# Matrix (I think) question

• Jul 21st 2013, 09:12 AM
Paze
Matrix (I think) question
I'm reading and learning through a finals exam for what I will be learning next year (I'm usually a year ahead) and there's a question:

A). Find the transpose of the matrix A

http://i.imgur.com/MEWDtOI.png

B). Show that $\displaystyle A^{-1}\cdot A=A\cdot A^{-1}=I$

I think this is related to matrices but I'm not sure what the question begs at all. I'm not sure if that's a I or l on the end of the equation either. No values seem to be given for this I/l.
• Jul 21st 2013, 12:40 PM
Re: Matrix (I think) question
Do you know the definitions of transpose and inverse matrices? These are just simple operations, for the transpose you just interchange rows and columns.

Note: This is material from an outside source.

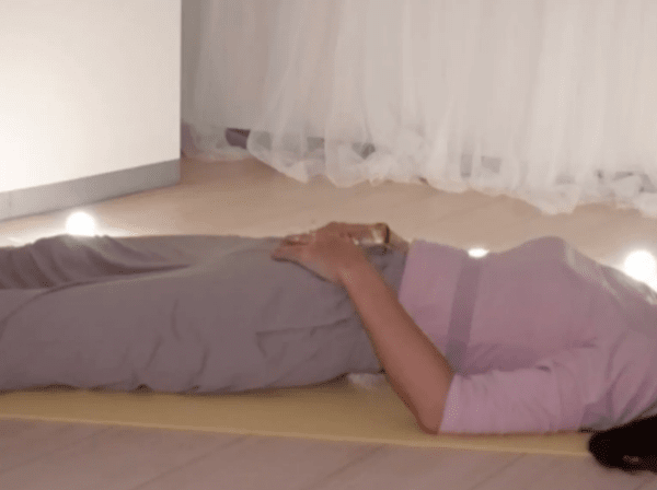 침대에 누운 채 천천히 숨을 들이쉴 때 배가 불룩해질 만큼 코로 4초간 깊게 마십니다.

If $\displaystyle A=\left[\begin{array}{ c c }a & b \\c & d \end{array} \right]$ then you can find the inverse using the formula:

$\displaystyle A^{-1}=\frac{1}{detA}\left[\begin{array}{ c c }d &- b \\-c & a \end{array} \right]$

where,

$\displaystyle det(A)=ad-bc$

So once you use that plug-and-go formula you just multiply the two matrices...$\displaystyle AA^{-1}$ if you multiply in opposite order $\displaystyle A^{-1}A$ it will be the same, which will be $\displaystyle I= \left[\begin{array}{ c c }1& 0 \\0 & 1 \end{array} \right]$ which is what they're asking you to demonstrate.
• Jul 21st 2013, 06:10 PM
Paze
Re: Matrix (I think) question
Quote:

If $\displaystyle A=\left[\begin{array}{ c c }a & b \\c & d \end{array} \right]$ then you can find the inverse using the formula:
$\displaystyle A^{-1}=\frac{1}{detA}\left[\begin{array}{ c c }d &- b \\-c & a \end{array} \right]$
$\displaystyle det(A)=ad-bc$
So once you use that plug-and-go formula you just multiply the two matrices...$\displaystyle AA^{-1}$ if you multiply in opposite order $\displaystyle A^{-1}A$ it will be the same, which will be $\displaystyle I= \left[\begin{array}{ c c }1& 0 \\0 & 1 \end{array} \right]$ which is what they're asking you to demonstrate.